Sherlock Holmes is well-known for his quasi-superhuman observational capacity to discern details and employ them to build credible hypotheses. He places significant weight on nuances while giving less importance to elements that might seem obvious to others, such as his friend Watson. He explains this in "The Adventure of the Blue Carbuncle," where he states: "You see, but you do not observe. The distinction is clear. A great mind is capable of dissecting the details that may appear insignificant to a lesser intellect."
Now, we can put on our deerstalker hats and delve into the Bahdanau attention mechanism to understand how it helps a network emulate Holmes's keen ability to focus on critical details.
The Encoder - Decoder architecture
When they introduced the attention mechanism in 2014, Bahdanau and colleagues were using a RNN‐based encoder‐decoder architecture like the one visible in the schema bellow to translate longer sentences effectively.
An encoder-decoder model consists of two networks: the encoder, which performs a sequence-to-vector transformation, and the decoder, which executes a vector-to-sequence transformation. Specifically, the encoder transforms a sequence (input string) into a vector (set of internal states), while the decoder converts this vector back into a sequence (output string). This architecture is particularly useful for tasks such as language translation.
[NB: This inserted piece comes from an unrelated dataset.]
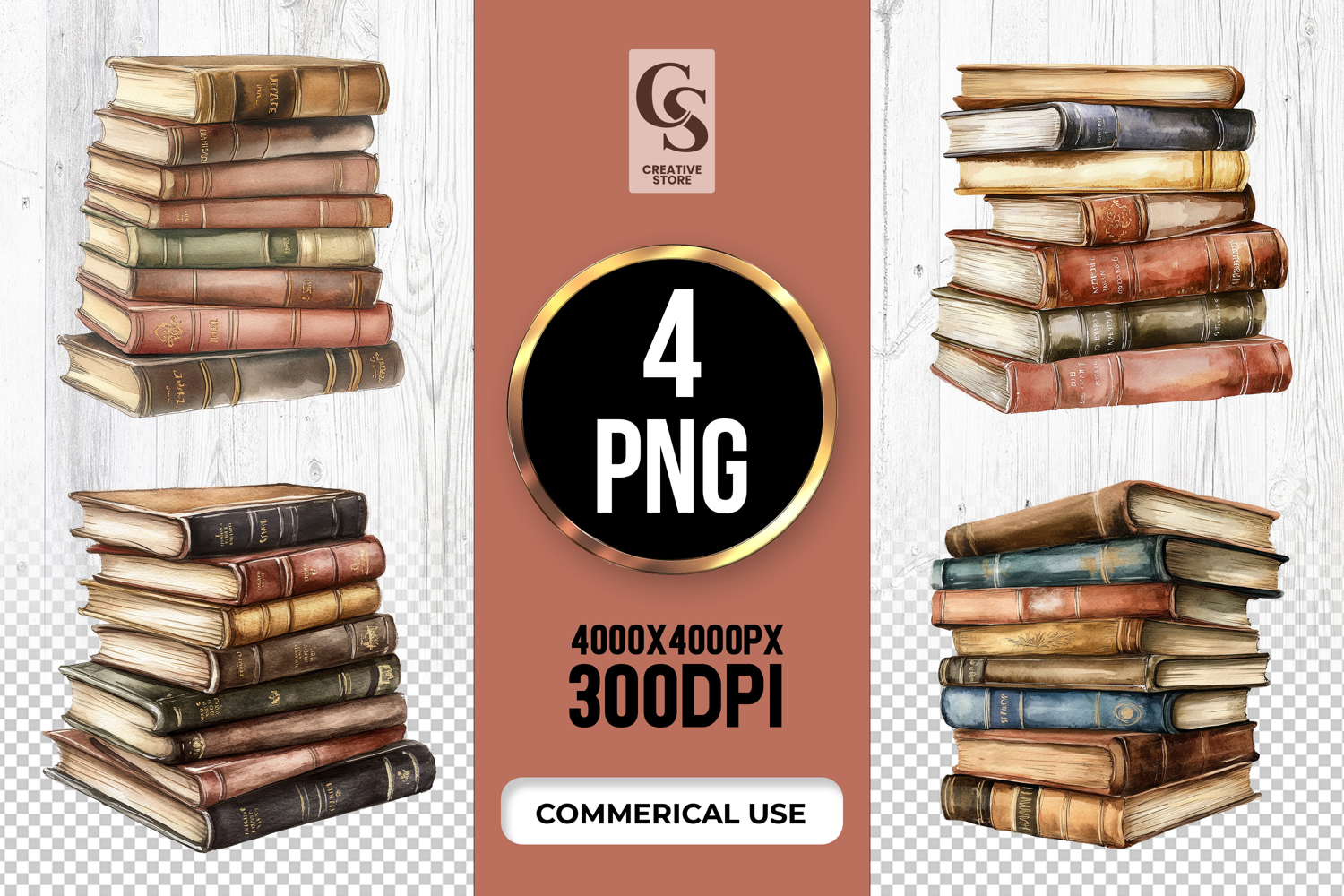 4 Antique Book Stack Clipart Sublimation PNG Files Perfect for Greeting Cards, Invitations, Junk Journal, Party Decor, Scrapbooking and many other craft projects.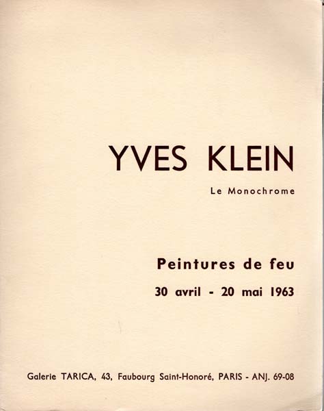 Klein, Yves: Yves Klein Le Monochrome. Peintures de feu, 30 avril – 20 mai 1963. Paris. Galerie Tarica. 1963. 28 x 22 cm. 1 Dioppelbogen, 4 Tafeln. OKarton-Mappe. Sehr gutes Exemplar. Der Katalog enthält, eingelegt in eine einfache Karton-Mappe, einen Doppelbogen mit Texten von Andre Verdet und Pierre Restany in Französisch, eine montierte Tafel mit einem Foto Yves Kleins beim „brennen“ eines Bildes sowie vier Tafeln mit Wiedergaben von Arbeiten

At every step in the encoding process, a RNN network (left of the schema) produces a state, denoted as ŷ(x). This internal state is then used as an input to the next step, along with the embedding of the second token, to generate the next state. Finally,
the final stateis passed to the decoder, which uses it alongside the first token of the target sequence to produce the expected token.
In the schema, "sos" stands for "start of sequence," a special character used for the first token. Thus, it is illustrated that the tokens are produced (at the top) one step before they are given as input (at the bottom). The dense layer (or head) is a simple layer that will convert the state to a token.
The architecture was not perfect. First, it suffered from the vanishing gradient problem. This means that for long sequences, information tended to be lost within the RNN, as new information in the gates often erased it. A second issue is that it was not very efficient; the entire sequence had to be processed in the encoder before the decoder could utilize the final state to produce tokens.
The Bahdanau attention
Bahdanau and colleagues decided to enhance this process. They intuitively felt that instead of solely using the last state produced (the arrow connecting the encoder and the decoder in the schema), they should consider all the states generated at each step by the encoder. The new architecture is visible in the following schema

We learned in the last article that each encoder output was a representation of the semantic meaning of the current token given the presence of the other in the sequence. Bahdanau his colleagues envisioned that by utilizing a combination of the encoder states with the previous token generated by the decoder, they could get a better result
Measuring the alignment between words in different languages is hard. Even when a word has an unique translation in another language, both words may not have the exact same meaning depending on the context. Some words may be homonyms but with completely different meaning. Sometimes the word has the same position in the translated sentence, sometimes not. Therefore, having a precise understanding of the context is crucial for grasping the true meaning of the word
Take for example the word 'zone,' which is in the fifth position in the French sentence shown in the following schema. In English, it appears at the seventh position and is translated as 'area' rather than 'zone,' which also exists in English. The intensity of the alignment is represented by varying shades of white, so even if both words are different, the alignment is pretty high between them. You will notice that some words are associated with two or even three words in the translated sentence.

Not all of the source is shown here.